I’m at Temple University at the School of Medicine with an affiliated health system. Our new leadership is keen on creating a robust infrastructure to support clinical research. I’m heading up the informatics aspects of that.

 

What is the informatics influence in the School of Medicine?

Within the health system, you have the IT shop that runs a myriad of clinical systems. There’s a feeling from the researchers that all this data exists, but it’s hard to get at. What do you do with it once you have it? What are the appropriate safeguards regarding compliance and privacy? 

The School of Medicine is trying to make it so that every time a clinical researcher wants to ask a question of the clinical data, it doesn’t become a maze that you get lost in, with different people are telling you different things. There’s this straightforward way to do it and you can go to a central team of people that will guide you through the path and help you along your way.

 

Describe how PCORnet came about and what it does.
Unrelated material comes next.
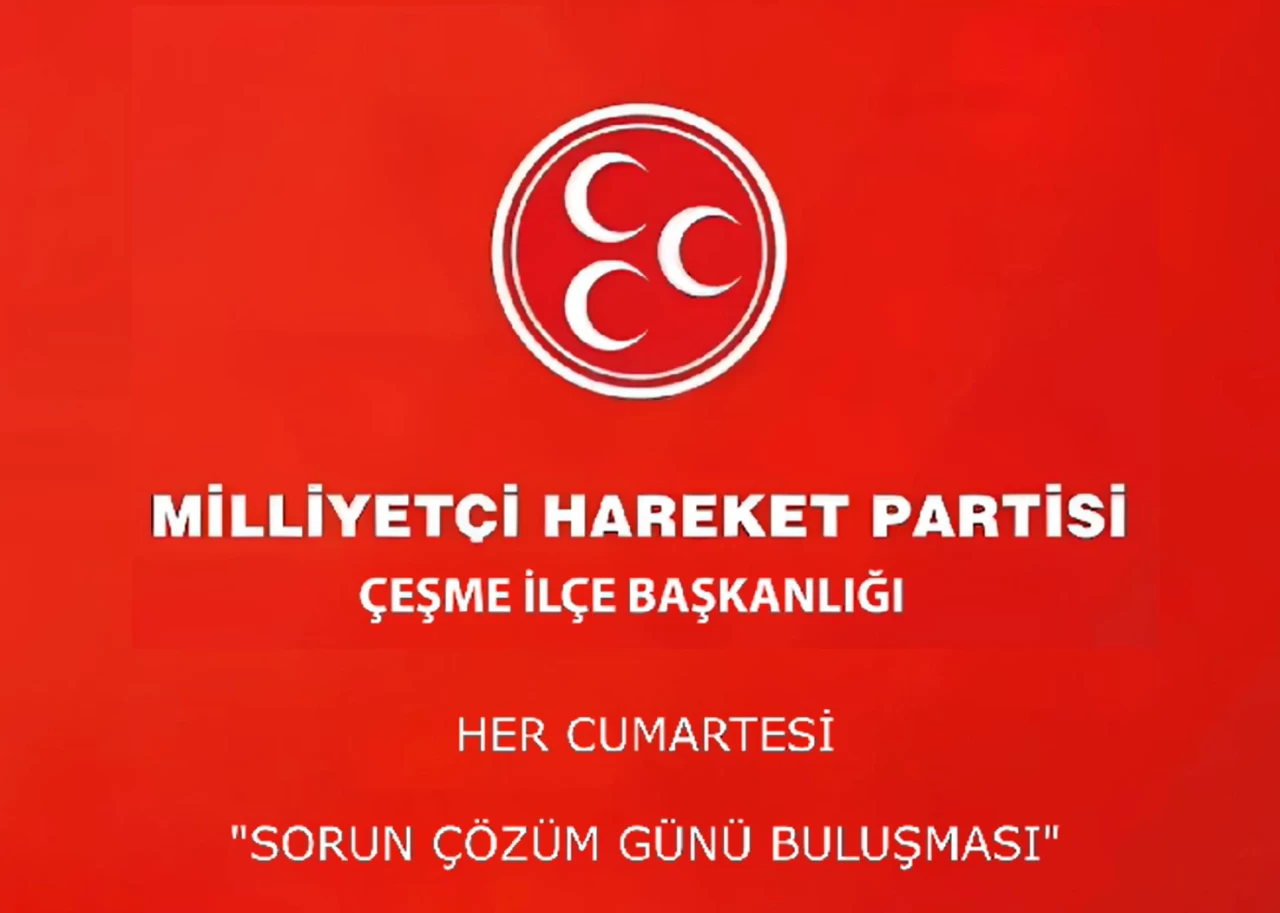 MHP Çeşme İlçe Başkanlığı olarak; Sizlerin Sorun ve Taleplerini daha hızlı ve etkili bir şekilde çözüme kavuşturmak için ; Her Cumartesi gününü

My understanding is that over 10 years ago, when the NIH was originally thinking about redoing the way they fund clinical research extramurally at academic medical centers, the PCORnet idea was floated. The feeling was that it would be costly and it would be hard to achieve. They had other priorities, so instead of doing that, they funded the CTSA awards.

PCORI, the Patient-Centered Outcomes Research Institute, is not a federal organization, but it’s funded through the Affordable Care Act. It’s federal dollars, but it itself is a independent non-profit. The feeling was that it was worth pursuing the idea of creating a network of hospitals that have the ability to share de-identified patient data for the purposes of clinical research. 

Although they have grants that fund all different kind of things, just like the NIH does, I believe the crown jewel within the PCORI portfolio is PCORnet. It has 29 funded groups, some of which focus more on general health system patient populations, whereas others are more focused on particular patient groups with specific diseases.

 

What Temple systems are contributing data to PCORnet?

In terms of our electronic medical record, we’ve been on Epic outpatient for about three years. We’re just now kicking off the project to go with Epic inpatient. Epic, as most EMRs, receives a number of feeds from different systems. When you get to the back-end Epic reporting database, you not only have the data that originated in Epic, but from a number of different systems.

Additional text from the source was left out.